The Department of Finance and Risk Engineering welcomes Bruno Kamdem, Professorial Lecturer, The George Washington University, to the BQE Lecture Series on Thursday, October 22nd at 6 p.m. on Zoom.
Meeting ID: 919 9128 5424
Password: BQEBK
Title
Optimal Strategies for Oil Production and Taxation Under Cap‑and‑Trade
Abstract
Rising global oil production is contributing to the increase of domestic revenues through a variety of fiscal mechanisms in many governments around the world. Concomitantly, the global low‑carbon transition is compelling the same governments to require special taxes such as carbon tax on oil fields. This paper develops a repertoire through which an oil field extraction policy and a government fiscal policy are optimal under carbon emissions constraints. Traditional models have not been able to capture the mean reverting regime‑switching jump‑diffusion dimension of the oil price as well as the stochastic differential game aspect of the extraction‑taxation dichotomy under carbon emissions constraints. On the one hand, to account for the sensitivity of the oil price to global and seasonal macroeconomic parameters, we model its evolution as a mean reverting regime‑switching jump‑diffusion process.
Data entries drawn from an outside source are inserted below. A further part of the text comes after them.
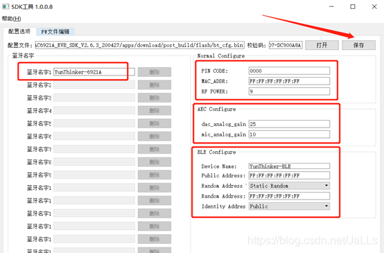 在这里可以修改蓝牙名,MAC地址(全FF为静态随机,即芯片烧录完后第一次供电会随机生成一个),可配置DAC增益和MIC增益,BLE相关配置。
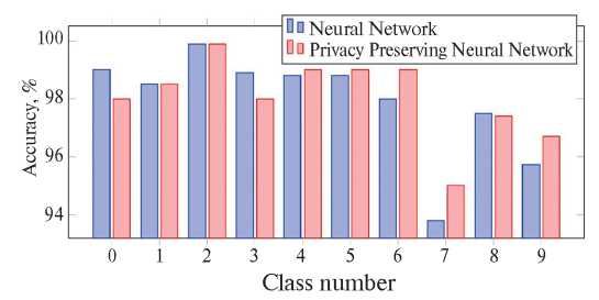 Результаты экспериментов показывают, что нейронная сеть демонстрирует высокую точность как в обычном, так и в зашифрованном режимах, причем в зашифрованном режиме общая точность несколько повышается. Это говорит о том, что применение гомоморфного шифрования не оказывает существенного негативного влияния на способность модели к классификации. Кроме того, тот факт, что в некоторых классах зашифрованная СНС показывает более точные результаты, требует дополнительных исследований.
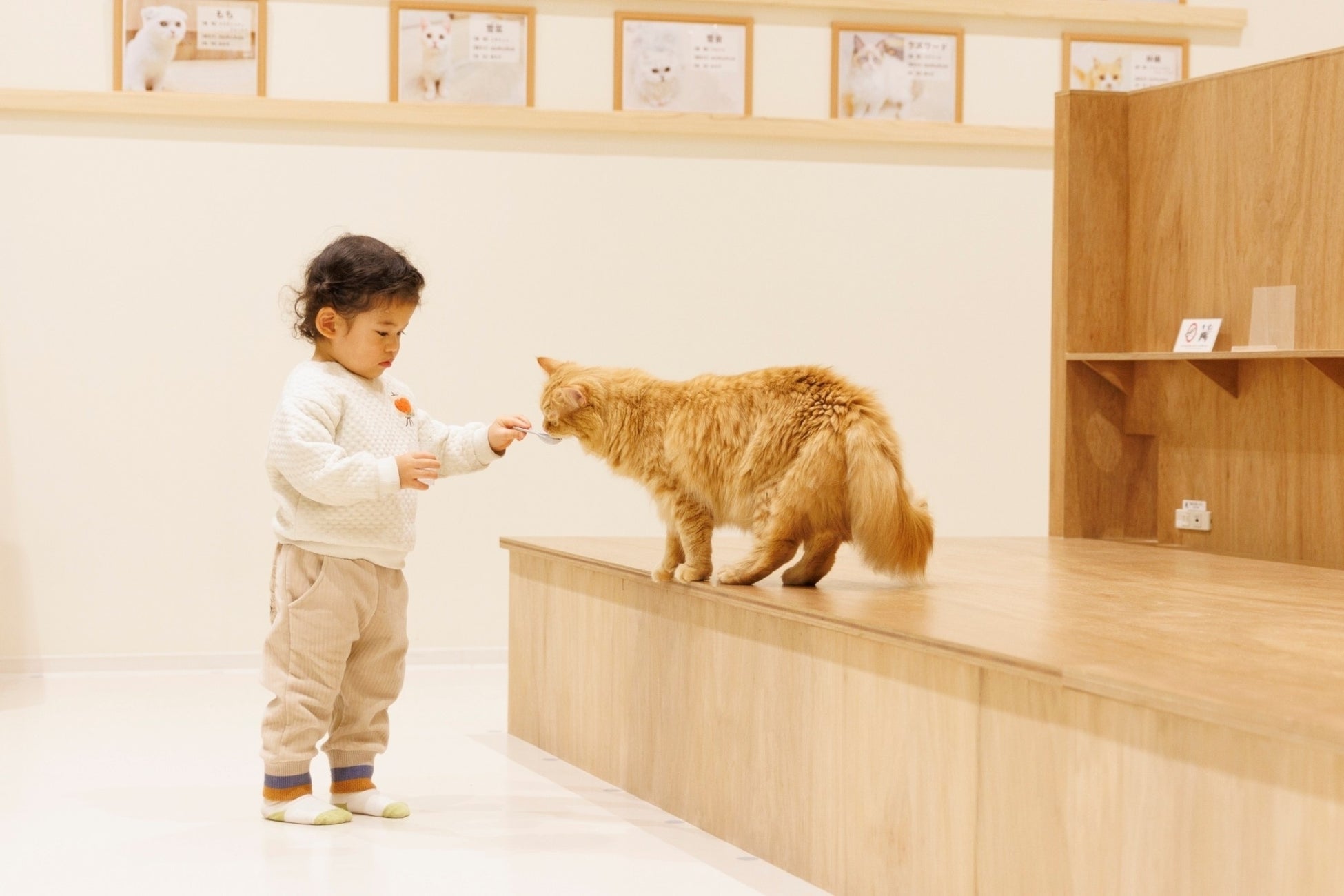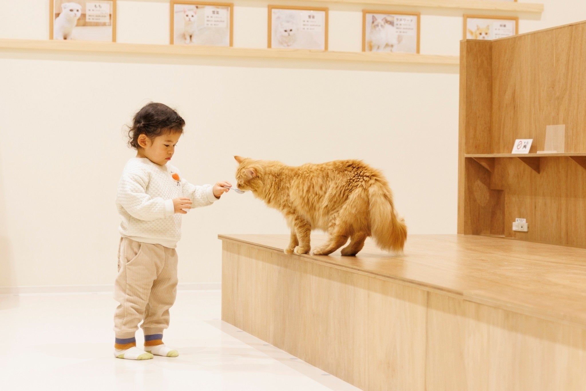 既存店では、“どうふつとのふれあいデビュー”としてご来園された小さなお客様が、最初は少し緊張して親御さまの後ろに隠れてしまう光景も少なくありません。しかし、スタッフのサポートのもとで猫たちが穏やかに過ごす様子を見ているうちに、次第に自分からそっと手を伸ばせるようになります。
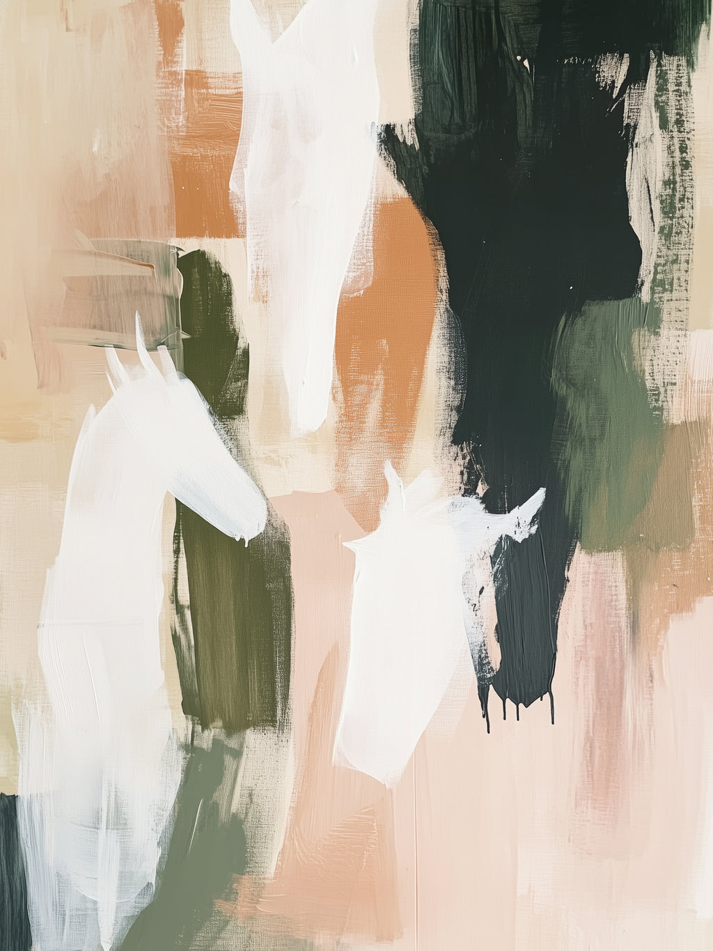 Manchas orgânicas em bege, branco, verde e preto revelam formas de cavalos, como aparições etéreas em meio ao abstrato. A obra transmite liberdade, dinamismo e uma beleza selvagem.
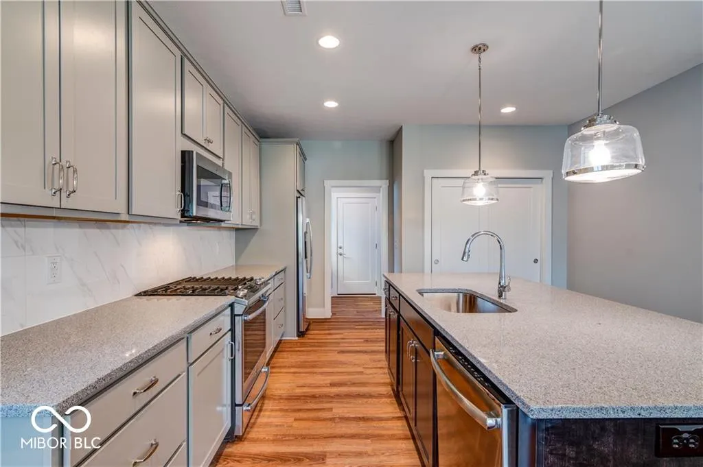 Welcome to Sunrise on the Monon, built by Old Town Design Group! This home features a contemporary design offering 3 beds, 2.5 baths, and primary ensuite on the main level! Oversized windows throughout offer an abundance of natural light. LVP flooring, gas fireplace, stainless appliances including Cafe refrigerator with built in Keurig, gas range and dishwasher replaced in 2025. Aristokraft soft close cabinetry, granite countertops in kitchen | bathrooms, and a large island! Other features include built-in surround sound, irrigation and security systems, Tesla wall mount charger in the garage, and high efficiency HVAC. Primary bedroom offers dual vanities, a large walk-in closet with built-in shelving, and a ceramic tiled shower. Open floorplan and large covered porch are great for entertaining! Exterior stain and paint in 2025. This community is located on the Monon Trail; just minutes from Midtown Carmel, Fashion Mall, and interstate access. Truly a prime location and move-in ready!

On the other hand, as oil producing countries rely on taxes levied on oil companies whose aim is to maximize revenues generated from their extracting activities, we categorize our model as a stochastic differential game problem. The existence of a Nash Equilibrium is proven. Value functions of the stochastic differential game problem are characterized as the unique viscosity solutions of the corresponding Hamilton Jacobi Isaacs equations. Under Greenhouse gas emissions constraints, optimal extraction and fiscal policies are derived. In the light of a numerical blueprint, our analysis holds that a strategic cap‑and‑trade fiscal protocol under which oil producing governments and oil companies efficiently cooperate can yield positive effects on climate policies.
Bio
Bruno Kamdem is the Co‑founder and Principal of Lepton Actuarial & Consulting, LLC (http://leptonactuarial.com/), a New York based professional firm. Dr. Kamdem concomitantly teaches at the George Washington University, School of Engineering and Applied Science in the department of Engineering Management & Systems Engineering. Prior to consulting and teaching, he worked with the Office of Research, Evaluation, & Statistics at the Social Security Administration where he advised the commissioner on mathematical statistical trends regarding Medical‑ Vocational Guidelines and formulated models involving retirement probabilities for multiple years designed for optimizing individual retirement decisions. Bruno has published articles at the “Renewable & Sustainable Energy Reviews” (Impact Factor: 12.110) and the “Energy Policy” journal, along with two forthcoming papers at the “Review of Economics and Statistics” and “Econometrica”. For several years, Bruno has accumulated experience in teaching and in working with Analysis & Modeling tools (iThink, GAMS, MINITAB, MATHEMATICA, MAPLE), Applications & Operating Systems (System Dynamics, SAS‑Visual Analytics, e‑Enterprise, MATLAB‑Simulink), and Data Management applications (VBA, R, SAS, MATLAB). Bruno’s background encompasses a Ph.D. (Systems Engineering, Operations Research) from the School of Engineering and Applied Science at the George Washington University, an M.S. (Applied Mathematics), and B.S. (Mathematics & Economics), both from the University of Maryland, Baltimore County.